Segment Start: Provided records
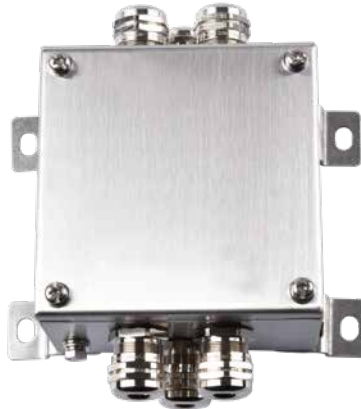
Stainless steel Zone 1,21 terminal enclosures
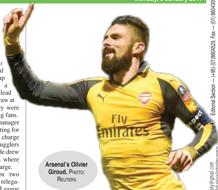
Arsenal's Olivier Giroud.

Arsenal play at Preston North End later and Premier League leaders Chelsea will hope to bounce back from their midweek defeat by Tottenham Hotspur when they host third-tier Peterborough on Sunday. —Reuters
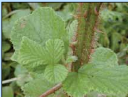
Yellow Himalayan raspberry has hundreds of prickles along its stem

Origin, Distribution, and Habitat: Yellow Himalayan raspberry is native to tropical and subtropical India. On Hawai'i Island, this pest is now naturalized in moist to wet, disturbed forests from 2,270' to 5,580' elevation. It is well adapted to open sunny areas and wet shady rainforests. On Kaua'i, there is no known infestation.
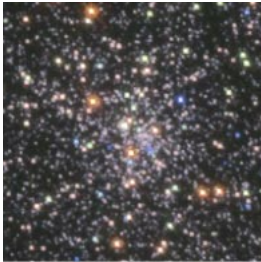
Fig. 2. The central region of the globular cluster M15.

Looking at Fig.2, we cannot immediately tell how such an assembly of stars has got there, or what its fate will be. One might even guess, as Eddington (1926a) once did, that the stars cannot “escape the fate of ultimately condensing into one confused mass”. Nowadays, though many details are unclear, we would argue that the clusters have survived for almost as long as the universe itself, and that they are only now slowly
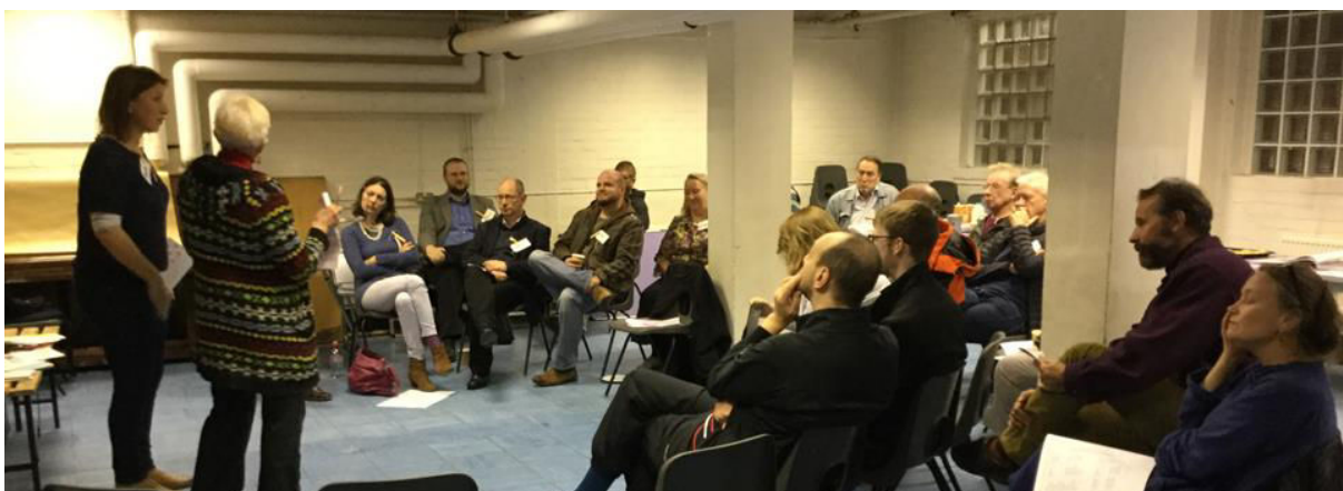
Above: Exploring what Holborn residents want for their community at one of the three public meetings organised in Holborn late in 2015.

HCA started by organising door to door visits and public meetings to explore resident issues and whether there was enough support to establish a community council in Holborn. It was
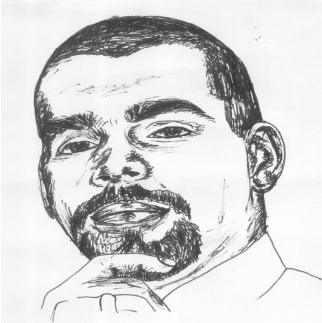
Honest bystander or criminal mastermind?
Segment End: Provided records
Segment Start: Provided records
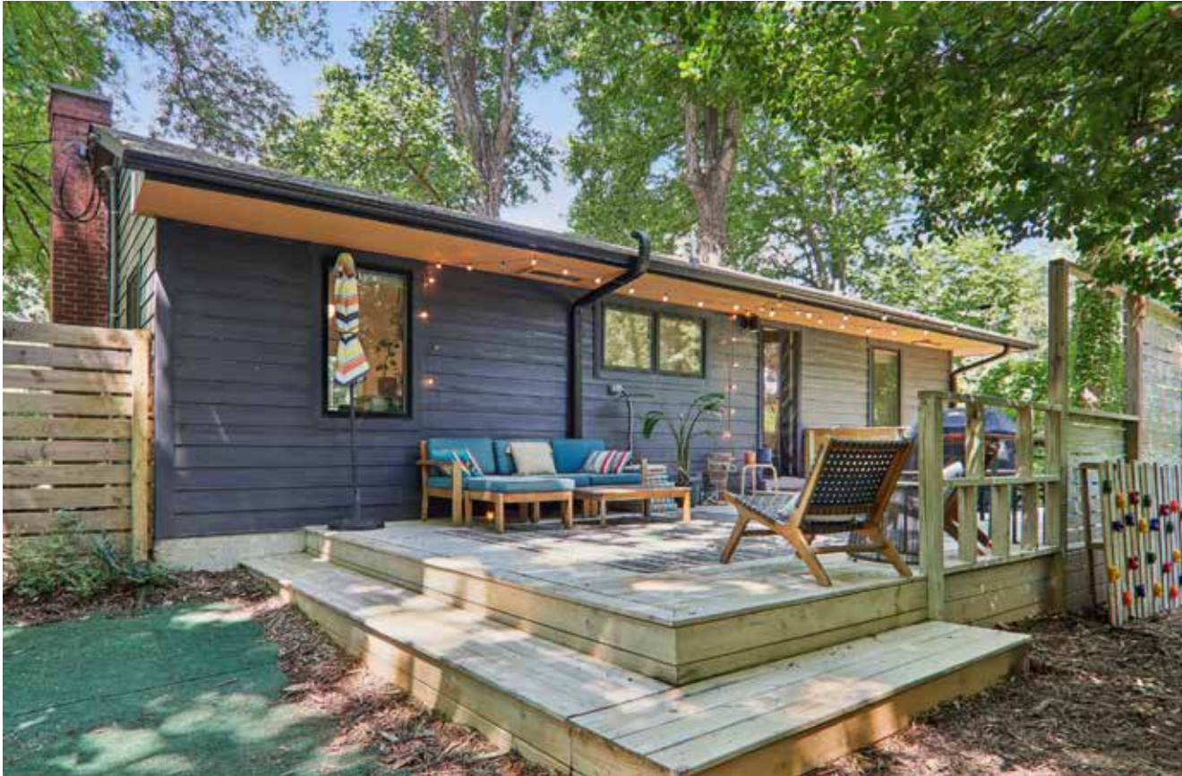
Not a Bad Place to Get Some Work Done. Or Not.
Segment End: Provided records
Segment Start: Provided records
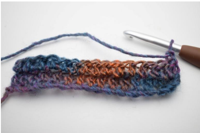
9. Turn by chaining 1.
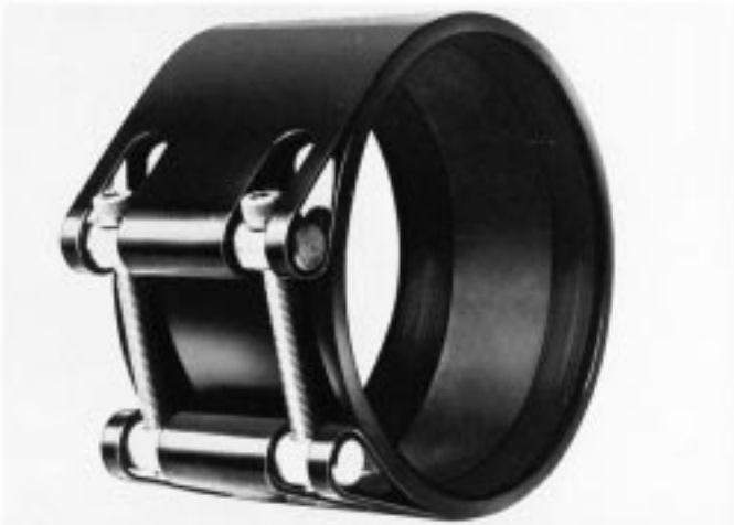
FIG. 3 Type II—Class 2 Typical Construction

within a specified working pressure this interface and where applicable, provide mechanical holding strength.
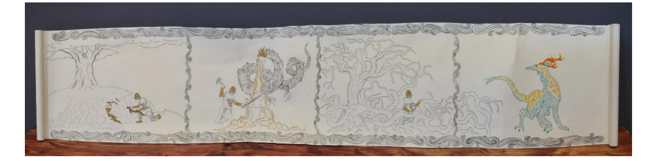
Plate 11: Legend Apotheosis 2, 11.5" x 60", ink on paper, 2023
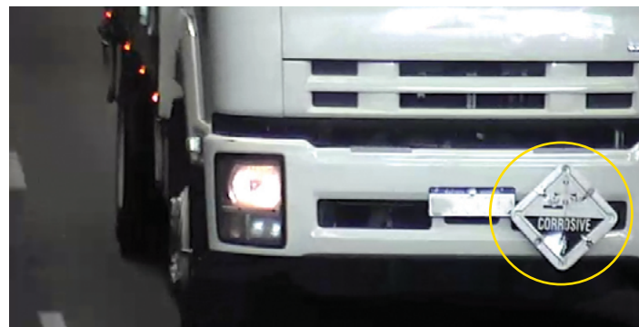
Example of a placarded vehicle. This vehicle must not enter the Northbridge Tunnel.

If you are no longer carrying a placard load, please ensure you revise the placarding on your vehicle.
Segment End: Provided records
Your answer must be the exact lines from the records above, from the one containing "Stainless steel Zone 1,21 terminal enclosures" through the one containing "Yellow Himalayan raspberry has", both included, with every picture left out.

Stainless steel Zone 1,21 terminal enclosures
Arsenal's Olivier Giroud.

Arsenal play at Preston North End later and Premier League leaders Chelsea will hope to bounce back from their midweek defeat by Tottenham Hotspur when they host third-tier Peterborough on Sunday. —Reuters
Yellow Himalayan raspberry has hundreds of prickles along its stem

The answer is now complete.